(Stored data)
________________
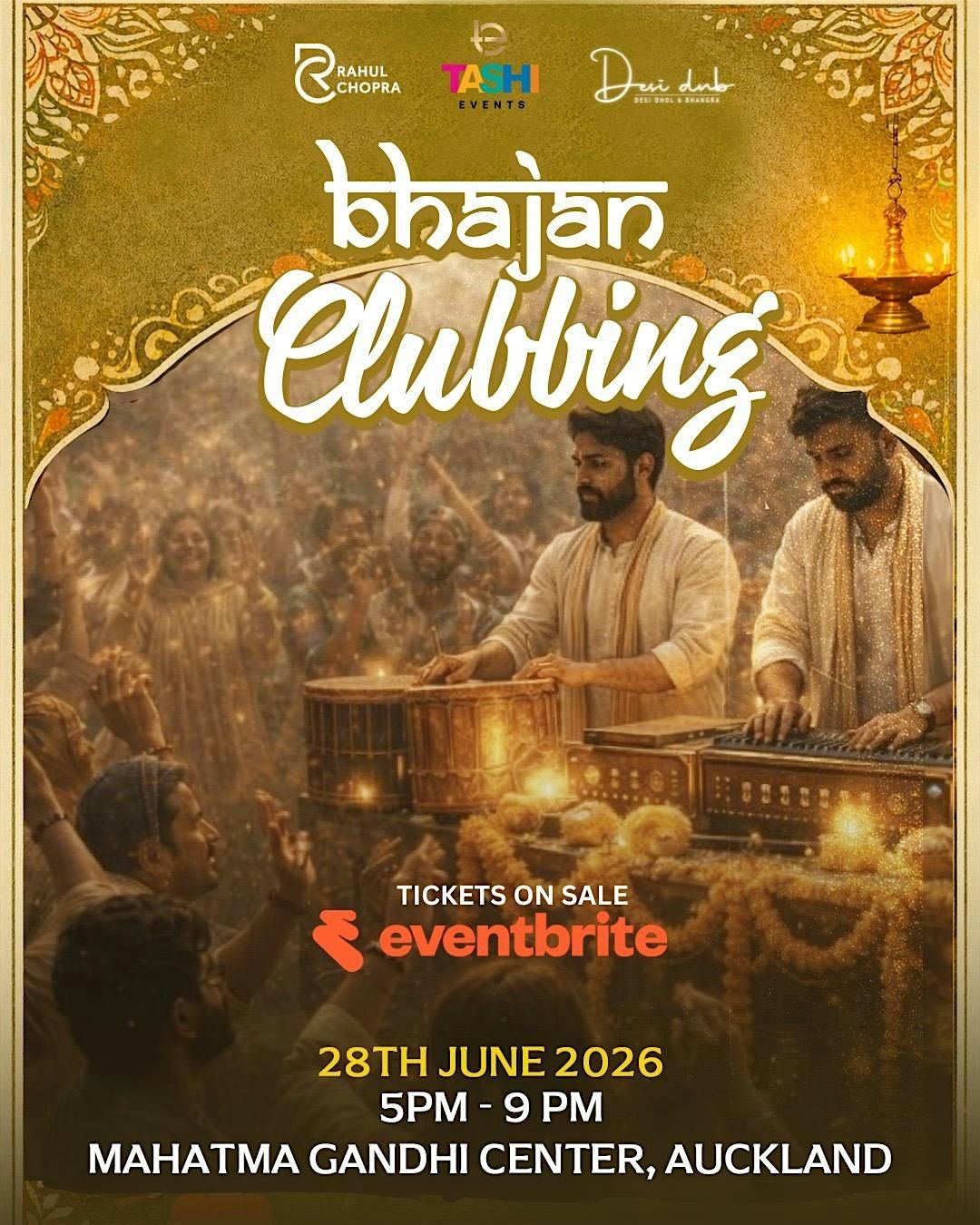 Experience a one-of-a-kind musical journey as Bhajan Clubbing arrives in New Zealand for the very first time. This unique concept blends the soul of traditional bhajans with the energy of a modern clubbing atmosphere, creating a powerful fusion of devotion and rhythm.
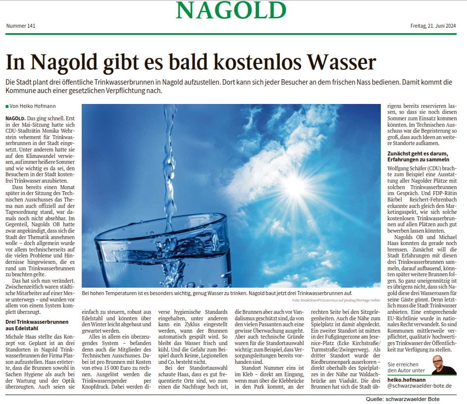 2024 Nagold „In Nagold gibt es bald kostenlos Wasser“ [featured_image] 2024 Nagold „In Nagold gibt es bald kostenlos Wasser“ Version Download 15 Dateigröße 283.42 KB Datei-Anzahl 1 Erstellungsdatum 11. März 2026 Zuletzt aktualisiert 11. März 2026 2024 Nagold "In Nagold gibt es bald kostenlos Wasser" 2024 Rutesheim Trinkbrunnen auf dem Marktplatz eingeweiht 2024 Künzelsau „Neuer Trinkwasserbrunnen in Künzelsau“
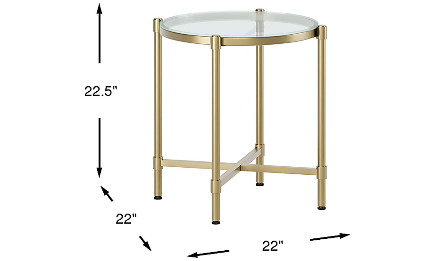 For both comfort and visual balance, an end table should ideally stand within two inches of your sofa's armrest. This table features a height of 22.5 inches, making it a perfect match for standard transitional sofas. Its round, 22-inch diameter also allows it to fit snugly in smaller seating arrangements without crowding the floor space.
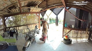 Awek Jepun yang sultry dikukus dalam sauna untuk keseronokan creampie liar
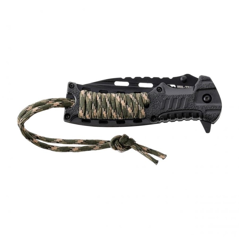 Nóż ma antypoślizgowe okładziny z tworzywa sztucznego, w których schowany jest zapas linki paracord oraz krzesiwo z gwizdkiem alarmowym. Dzięki takiej funkcjonalności, w razie awaryjnej sytuacji mamy przy sobie mocny sznurek, gwizdek ratunkowy do wzywania pomocy oraz krzesiwo, za pomocą którego jesteśmy w stanie rozpalić ogień. Wygodne przenoszenie noża w kieszeni lub przy pasie umożliwia sprężysty klips (bez możliwości przełożenia). Survivalowy nóż składany Mil-Tec wyposażony w krzesiwo, gwizdek oraz paracord to funkcjonalne narzędzie survivalowe, które doskonale sprawdzi się podczas wycieczki, bytowania w terenie oraz szkoleń survivalowych.
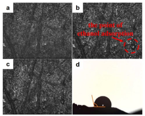 Figure 3 (a) GOA的OM圖,(b)乙醇滴積的OM圖,(c)乙醇解吸的OM圖,(d) GOA樣品的水接觸角。
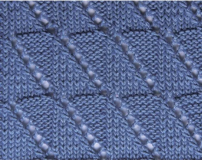 5-й ряд: * 2 изнаночные, 1 накид, 2 п. провязать вместе с наклоном влево, 4 лицевые, от * повторять.
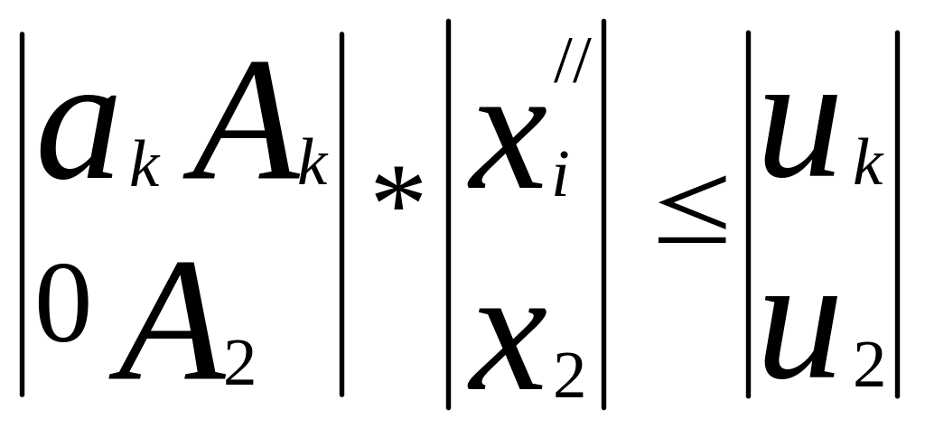 Для того, чтобы матрица А распалась на две независимые подматрицы (подсистемы), можно воспользоваться одним из методов декомпозиции, рассмотренных выше. Если целесообразно объединить подразделение минимизируемой структуры в соответствии с типом используемых им ресурсов (т.е. по функциональному признаку), то применяется разложение переменных xi на xi/ и xi//. Получаются две независимые подсистемы: первая оптимизирует x1 и xi/ при ограничениях
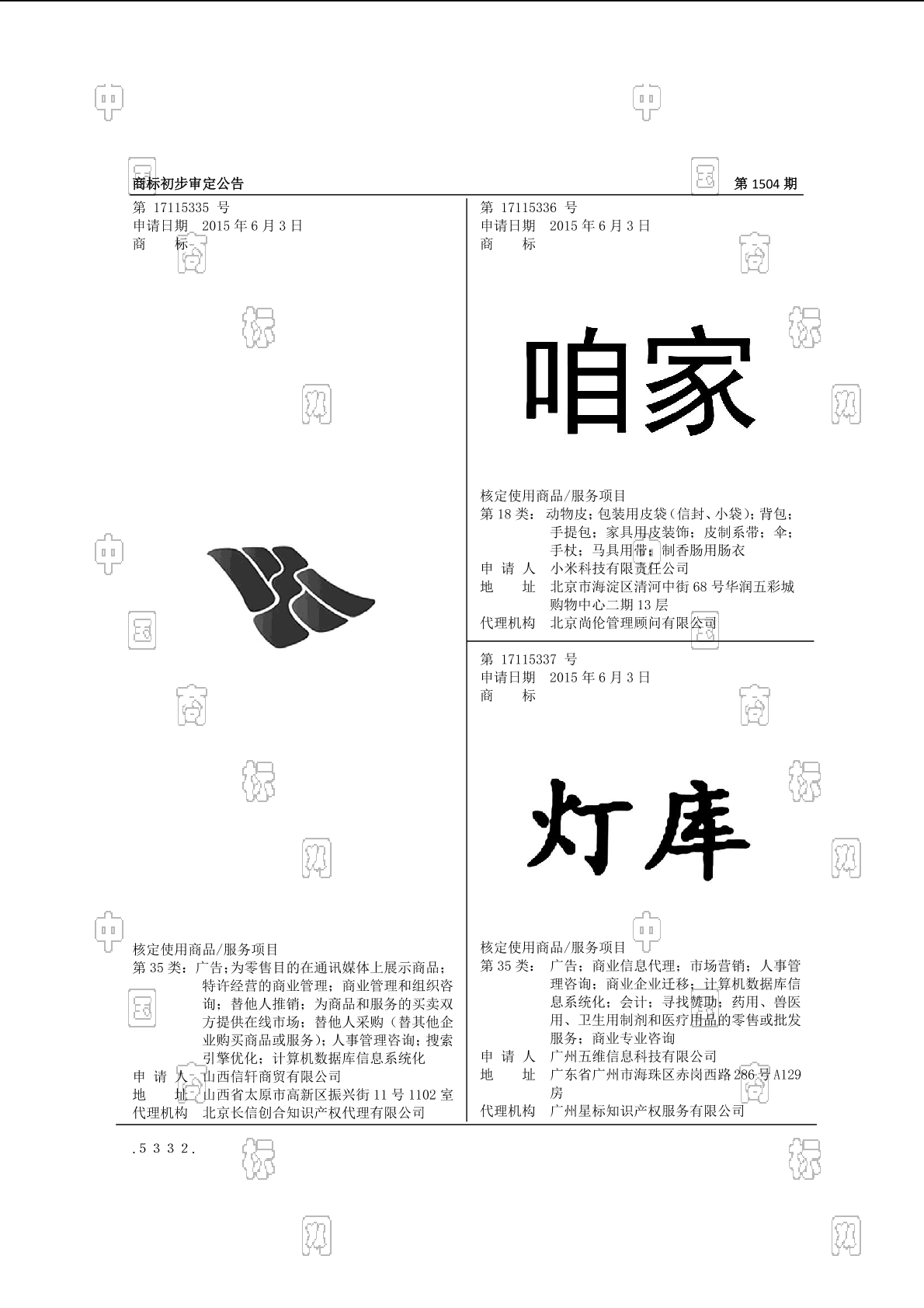 1801-动物皮;1802-包装用皮袋(信封、小袋);1802-家具用皮装饰;1802-手提包;1802-皮制系带;1802-背包;1804-伞;1805-手杖;1806-马具用带;1807-制香肠用肠衣 - 1504
________________
** Directions **
Look above for the line with "Figure 3 (a)" and the line with "Для того, чтобы", then copy exactly the lines from the first through the second, both kept, with no pictures.

** Worked solution **
 Figure 3 (a) GOA的OM圖,(b)乙醇滴積的OM圖,(c)乙醇解吸的OM圖,(d) GOA樣品的水接觸角。
 5-й ряд: * 2 изнаночные, 1 накид, 2 п. провязать вместе с наклоном влево, 4 лицевые, от * повторять.
 Для того, чтобы матрица А распалась на две независимые подматрицы (подсистемы), можно воспользоваться одним из методов декомпозиции, рассмотренных выше. Если целесообразно объединить подразделение минимизируемой структуры в соответствии с типом используемых им ресурсов (т.е. по функциональному признаку), то применяется разложение переменных xi на xi/ и xi//. Получаются две независимые подсистемы: первая оптимизирует x1 и xi/ при ограничениях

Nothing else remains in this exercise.